Search code examples
apache-flinkflink-streamingfault-tolerancecheckpoint

How to understand checkpoint in Flink correctly


I know that Flink uses checkpoint mechanism to guarantee Exactly-once. But I want to know more details.

If I'm right, each Operator has its own checkpoint. I can not understand how these checkpoints work together.

Saying that I have two source tasks A and B, and one operator C. A and B are the inputs of C.

It seems that C must wait for both of the checkpoint of A and the checkpoint of B. But how do we decide the interval of them? If the operator of C does this: output = a1 + a2 + a3 - b1, does it mean that we should set the interval of the checkpoint of B three times of the checkpoint of A?

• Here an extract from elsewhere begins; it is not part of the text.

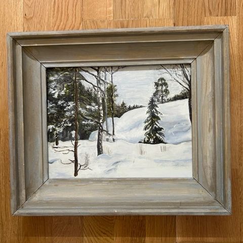 Tunnelmallinen talvimaisemataulu signeerauksella

In a word, my question is if we should do some design for the interval of checkpoint of each operator according to its job and the frequency of its inputs to avoid long-duration-waiting-for-checkpoint issue?


Solution

  • I am not sure if I follow your question. You set the checkpoint interval for the whole job not on a per operator basis. This determines the interval on which checkpoint barriers will be injected into the stream at sources. Then it traverses through the same channel as regular events. Upon receiving a checkpoint barrier a single operator checkpoints its state corresponding to that particular checkpoint (each checkpoint barrier contains checkpoint id). This way the whole job can take a consistent snapshot of all operators at that point in the stream.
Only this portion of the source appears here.